Decompress data on GPU
The data is compressed with bitshuffle/LZ4.
Currently, the processing sequence is roughly
1. load raw data (from GPFS usually)
2. decompress on CPU (bitshuffle/LZ4 implementation from hdf5plugin)
3. send full frame on GPU
4. Perform AI
Now if a GPU decompressor is available, the processing sequence becomes
1. load raw data (from GPFS usually)
2. send raw data to GPU
3. decompress on GPU
4. Perform AI
We benefit from both sending raw data to GPU (10X less data) and (hopefully) decompressing on GPU (5X faster ?).
There are, however, two difficulties.
The first difficulty is to read raw data (instead of transparently-decompressed by hdf5plugin). This can be done as follows:
for i in range(ds.id.get_num_chunks()):
filter_mask, chunk = ds.id.read_direct_chunk(ds.id.get_chunk_info(i).chunk_offset)
The second difficulty is that the above code won't work for virtual datasets.

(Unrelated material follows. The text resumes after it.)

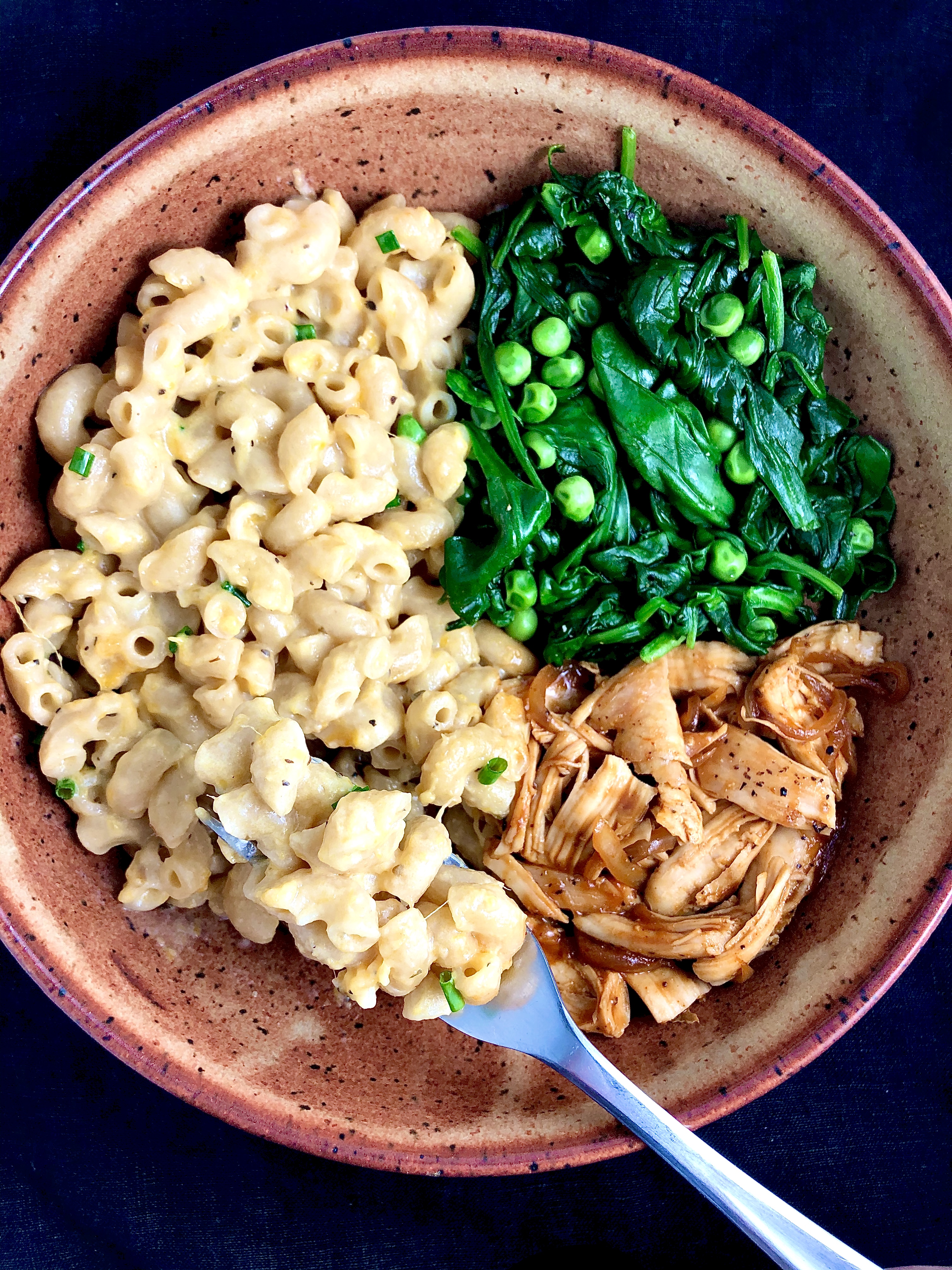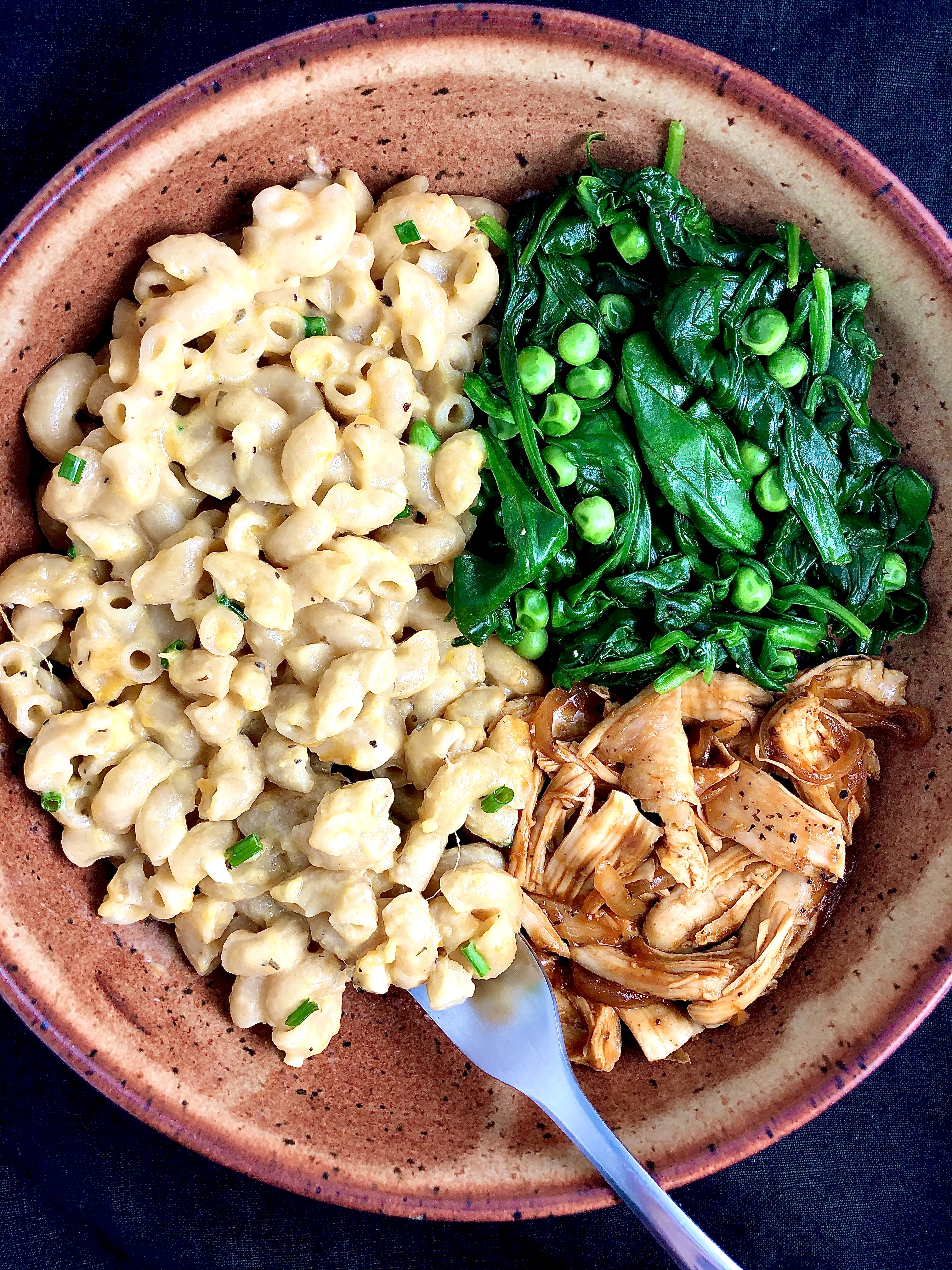 - lightly sautéed spinach and frozen sweet baby peas, with a touch of flaky sea salt and black pepper

So the distribution of integration tasks has to be done on the scan????/pilatus_????.h5
files directly.
But StackIntegrator
is designed to process data from start_idx
and end_idx
, which is incompatible with direct chunk read. Only entry points like process_full_dataset()
should be used.
To do:
- Add a init parameter:
decompress_on_GPU
- browse the current dataset: list the virtual sources, for each chunk, get the path to the actual data.
- Add
load_data_raw
(see above snippet) - Add a
decompress_lz4
(using GPU decompressor) - Modify
process_full_dataset
Note that the original process_stack()
will be incompatible with decompress_on_GPU=True